The `weather` data included in the package `nycflights13` contains the hourly meteorological records (such as temperature, humid and precipitation) over the year of 2013 at three stations (i.e. JFK, LGA and EWR) in New York City. Since the `time_hour` is the only column involving the timestamps, `as_tsibble()` defaults it to the index variable; alternatively, the index can be specified by the argument `index = time_hour` to disable the verbose message. 

Except for index, a tsibble requires "key", which defines subjects or individuals measured over time. In this example, the `origin` variable is the identifier, which is passed to the argument `key` in `as_tsibble()`. **Each observation should be uniquely identified by index and key** in a valid tsibble. Others---`temp`, `humid` and `precip`---are referred to as measured variables. When creating a tsibble, the key will be sorted first, followed by arranging time from past to recent.

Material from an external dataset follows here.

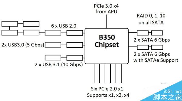 B350芯片組本身并不提供PCIe 3.0通道,而只支持相對落后的PCIe 2.0,而且只有4條。因此B350所能提供的USB 3.0、USB 2.0及SATA接口數量只能達到基本水平。

```{r weather-ts, message = TRUE}
weather_tsbl <- as_tsibble(weather, key = origin)
weather_tsbl
```

An interval is automatically obtained based on the corresponding time representation:

* `integer`/`numeric`/`ordered`: either "unit" or "year" (`Y`)
* `yearquarter`/`yearqtr`: "quarter" (`Q`)
* `yearmonth`/`yearmon`: "month" (`M`)
* `yearweek`: "week" (`W`)
* `Date`: "day" (`D`)
* `difftime`: "week" (`W`), "day" (D), "hour" (`h`), "minute" (`m`), "second" (`s`)
* `POSIXct`/`hms`: "hour" (`h`), "minute" (`m`), "second" (`s`), "millisecond" (`us`), "microsecond" (`ms`)
* `nanotime`: "nanosecond" (`ns`)

That is, a tsibble of monthly intervals expects the `yearmonth`/`yearmon` class in the index column. Neither `Date` nor `POSIXct` gives a monthly tsibble.

The print display is data-centric and contextually informative, such as data dimension, time interval, and the number of time-based units. Above displays the `weather_tsbl` its one-hour interval (`[1h]`) and the `origin [3]` as the key along with three time series in the table.

## Data pipeline

This tidy data representation most naturally supports thinking of operations on the data as building blocks, forming part of a "data pipeline" in time-based context. Users who are familiar with tidyverse would find it easier to perform common temporal analysis tasks. For example, `index_by()` is the counterpart of `group_by()` in temporal context, but it only groups the time index. `index_by()` + `summarise()` is used to summarise daily highs and lows at each station. As a result, the index is updated to the `date` with one-day interval from the index `time_hour`; two new variables are created and computed for daily maximum and minimum temperatures.

```{r weather-tsum}
weather_tsbl %>%
  group_by_key() %>%
  index_by(date = ~ as_date(.)) %>% 
  summarise(
    temp_high = max(temp, na.rm = TRUE),
    temp_low = min(temp, na.rm = TRUE)
  )
```

## Irregular time interval

Note that the tsibble handles regularly-spaced temporal data well, from seconds to years based on its time representation (see `?tsibble`). The option `regular`, by default, is set to `TRUE` in `as_tsibble()`. Specify `regular` to `FALSE` to create a tsibble for the data collected at irregular time interval. Below shows the scheduled date time of the flights in New York:

```{r flights}
flights <- nycflights13::flights %>%
  mutate(sched_dep_datetime = 
    make_datetime(year, month, day, hour, minute, tz = "America/New_York"))
```

The key contains columns `carrier` and `flight` to identify observational units over time, from a passenger's point of view. With `regular = FALSE`, it turns to an irregularly-spaced tsibble, where `[!]` highlights the irregularity.

```{r flights-ts}
flights_tsbl <- flights %>%
  as_tsibble(
    key = c(carrier, flight), 
    index = sched_dep_datetime, 
    regular = FALSE
  )
flights_tsbl
```

To regularise an irregular tsibble, it can be achieved with `index_by()` + `summarise()`.